__Exercise instructions__
Nothing below is to be printed except the lines between the line holding "WHM Üzerinde Hesap" and the line holding "Pengadilan sebagai oikos", inclusive, each exactly as it appears.

__Dataset records__
# # # # #

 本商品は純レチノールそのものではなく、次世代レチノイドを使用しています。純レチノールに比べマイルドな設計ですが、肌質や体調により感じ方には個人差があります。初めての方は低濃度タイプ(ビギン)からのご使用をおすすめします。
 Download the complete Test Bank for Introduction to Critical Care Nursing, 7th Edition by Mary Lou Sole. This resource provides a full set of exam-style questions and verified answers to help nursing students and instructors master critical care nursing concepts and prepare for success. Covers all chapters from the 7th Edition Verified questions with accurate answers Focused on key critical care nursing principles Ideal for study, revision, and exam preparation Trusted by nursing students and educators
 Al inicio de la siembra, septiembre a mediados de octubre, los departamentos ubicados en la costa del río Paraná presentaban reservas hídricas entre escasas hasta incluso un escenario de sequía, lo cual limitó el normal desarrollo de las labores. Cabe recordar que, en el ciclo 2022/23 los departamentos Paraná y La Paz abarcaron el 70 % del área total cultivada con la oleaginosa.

# # # # #

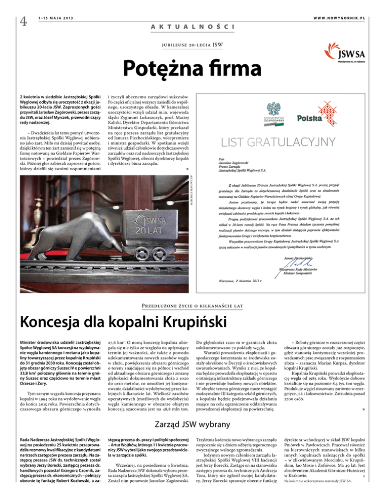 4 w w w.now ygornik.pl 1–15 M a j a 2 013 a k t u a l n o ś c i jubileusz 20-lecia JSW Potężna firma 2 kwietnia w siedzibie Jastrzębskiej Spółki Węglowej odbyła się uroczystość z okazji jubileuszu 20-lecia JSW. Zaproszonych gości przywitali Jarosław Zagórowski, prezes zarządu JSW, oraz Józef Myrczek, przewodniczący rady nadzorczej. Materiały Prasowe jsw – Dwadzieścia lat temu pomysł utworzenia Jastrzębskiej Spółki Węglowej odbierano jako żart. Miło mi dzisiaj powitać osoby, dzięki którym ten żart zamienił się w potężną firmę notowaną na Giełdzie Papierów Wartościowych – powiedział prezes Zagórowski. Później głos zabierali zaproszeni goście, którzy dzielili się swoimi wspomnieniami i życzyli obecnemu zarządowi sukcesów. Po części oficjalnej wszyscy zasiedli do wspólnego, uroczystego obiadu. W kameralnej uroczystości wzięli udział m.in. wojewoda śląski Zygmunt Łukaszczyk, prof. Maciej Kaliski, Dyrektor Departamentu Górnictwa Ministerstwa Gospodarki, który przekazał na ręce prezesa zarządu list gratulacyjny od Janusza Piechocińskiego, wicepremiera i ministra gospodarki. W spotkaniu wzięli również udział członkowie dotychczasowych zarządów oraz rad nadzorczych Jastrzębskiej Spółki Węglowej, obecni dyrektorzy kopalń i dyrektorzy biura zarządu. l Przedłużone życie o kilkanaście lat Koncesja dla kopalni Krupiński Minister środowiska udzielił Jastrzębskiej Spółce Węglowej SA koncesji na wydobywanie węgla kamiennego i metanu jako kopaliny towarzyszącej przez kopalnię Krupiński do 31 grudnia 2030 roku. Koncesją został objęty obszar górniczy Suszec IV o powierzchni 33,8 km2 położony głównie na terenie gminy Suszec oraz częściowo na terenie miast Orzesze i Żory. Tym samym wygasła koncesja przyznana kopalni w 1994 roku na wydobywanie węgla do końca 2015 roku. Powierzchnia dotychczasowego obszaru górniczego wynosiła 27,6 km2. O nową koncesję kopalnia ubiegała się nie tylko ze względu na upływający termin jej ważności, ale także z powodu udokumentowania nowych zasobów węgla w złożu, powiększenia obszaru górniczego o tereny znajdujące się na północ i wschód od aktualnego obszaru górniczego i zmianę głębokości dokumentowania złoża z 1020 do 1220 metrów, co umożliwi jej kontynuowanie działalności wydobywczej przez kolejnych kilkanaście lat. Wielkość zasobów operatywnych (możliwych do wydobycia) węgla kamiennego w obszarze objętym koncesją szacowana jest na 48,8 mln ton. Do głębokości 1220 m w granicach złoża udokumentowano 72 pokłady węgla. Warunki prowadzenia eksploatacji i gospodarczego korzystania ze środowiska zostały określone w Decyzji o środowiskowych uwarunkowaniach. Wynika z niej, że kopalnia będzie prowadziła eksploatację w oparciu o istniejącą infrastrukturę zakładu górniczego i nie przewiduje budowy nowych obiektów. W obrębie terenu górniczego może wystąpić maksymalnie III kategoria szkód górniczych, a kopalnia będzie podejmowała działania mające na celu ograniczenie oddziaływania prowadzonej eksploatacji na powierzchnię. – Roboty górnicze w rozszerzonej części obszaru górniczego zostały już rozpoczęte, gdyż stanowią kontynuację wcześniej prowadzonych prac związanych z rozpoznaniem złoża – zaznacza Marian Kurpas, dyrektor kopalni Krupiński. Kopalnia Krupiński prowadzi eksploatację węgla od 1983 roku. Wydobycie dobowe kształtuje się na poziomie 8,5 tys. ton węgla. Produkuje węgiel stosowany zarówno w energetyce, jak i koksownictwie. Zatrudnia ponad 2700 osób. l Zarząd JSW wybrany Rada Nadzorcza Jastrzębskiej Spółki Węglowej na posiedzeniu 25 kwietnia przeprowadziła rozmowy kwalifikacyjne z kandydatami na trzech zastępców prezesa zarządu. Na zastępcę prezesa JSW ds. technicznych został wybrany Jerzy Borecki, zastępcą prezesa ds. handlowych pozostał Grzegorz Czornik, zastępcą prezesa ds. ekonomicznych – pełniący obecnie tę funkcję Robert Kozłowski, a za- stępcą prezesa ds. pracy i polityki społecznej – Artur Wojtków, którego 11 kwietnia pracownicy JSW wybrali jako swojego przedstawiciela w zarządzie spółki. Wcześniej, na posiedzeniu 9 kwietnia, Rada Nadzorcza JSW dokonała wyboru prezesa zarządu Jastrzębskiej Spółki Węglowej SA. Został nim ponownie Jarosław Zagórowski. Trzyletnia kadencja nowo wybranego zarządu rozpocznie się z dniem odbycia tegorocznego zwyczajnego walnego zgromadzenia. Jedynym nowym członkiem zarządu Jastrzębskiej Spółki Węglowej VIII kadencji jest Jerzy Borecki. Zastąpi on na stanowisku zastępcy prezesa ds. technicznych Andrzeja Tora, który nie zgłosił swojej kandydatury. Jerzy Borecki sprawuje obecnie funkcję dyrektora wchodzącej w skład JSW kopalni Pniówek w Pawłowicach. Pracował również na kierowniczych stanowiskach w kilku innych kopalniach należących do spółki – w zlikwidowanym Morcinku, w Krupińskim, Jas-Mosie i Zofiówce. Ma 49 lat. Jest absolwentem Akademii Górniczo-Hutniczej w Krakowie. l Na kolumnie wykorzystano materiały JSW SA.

# # # # #

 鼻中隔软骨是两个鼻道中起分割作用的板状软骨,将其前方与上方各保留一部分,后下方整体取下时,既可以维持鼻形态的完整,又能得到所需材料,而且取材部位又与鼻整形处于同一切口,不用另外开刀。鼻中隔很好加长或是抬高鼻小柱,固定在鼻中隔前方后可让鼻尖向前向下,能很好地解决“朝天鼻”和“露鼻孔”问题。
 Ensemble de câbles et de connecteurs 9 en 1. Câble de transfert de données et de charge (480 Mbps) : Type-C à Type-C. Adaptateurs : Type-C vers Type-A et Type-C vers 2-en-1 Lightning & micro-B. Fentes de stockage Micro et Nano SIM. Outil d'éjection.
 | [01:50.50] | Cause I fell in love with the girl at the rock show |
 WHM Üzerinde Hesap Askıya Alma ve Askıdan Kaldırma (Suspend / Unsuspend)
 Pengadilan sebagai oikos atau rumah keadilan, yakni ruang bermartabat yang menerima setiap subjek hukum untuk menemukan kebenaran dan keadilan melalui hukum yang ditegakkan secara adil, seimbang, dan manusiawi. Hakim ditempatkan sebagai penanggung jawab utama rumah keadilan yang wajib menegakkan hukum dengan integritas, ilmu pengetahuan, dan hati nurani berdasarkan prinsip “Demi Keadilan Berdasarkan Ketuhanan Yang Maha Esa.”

# # # # #

__Solution for this exercise__
 WHM Üzerinde Hesap Askıya Alma ve Askıdan Kaldırma (Suspend / Unsuspend)
 Pengadilan sebagai oikos atau rumah keadilan, yakni ruang bermartabat yang menerima setiap subjek hukum untuk menemukan kebenaran dan keadilan melalui hukum yang ditegakkan secara adil, seimbang, dan manusiawi. Hakim ditempatkan sebagai penanggung jawab utama rumah keadilan yang wajib menegakkan hukum dengan integritas, ilmu pengetahuan, dan hati nurani berdasarkan prinsip “Demi Keadilan Berdasarkan Ketuhanan Yang Maha Esa.”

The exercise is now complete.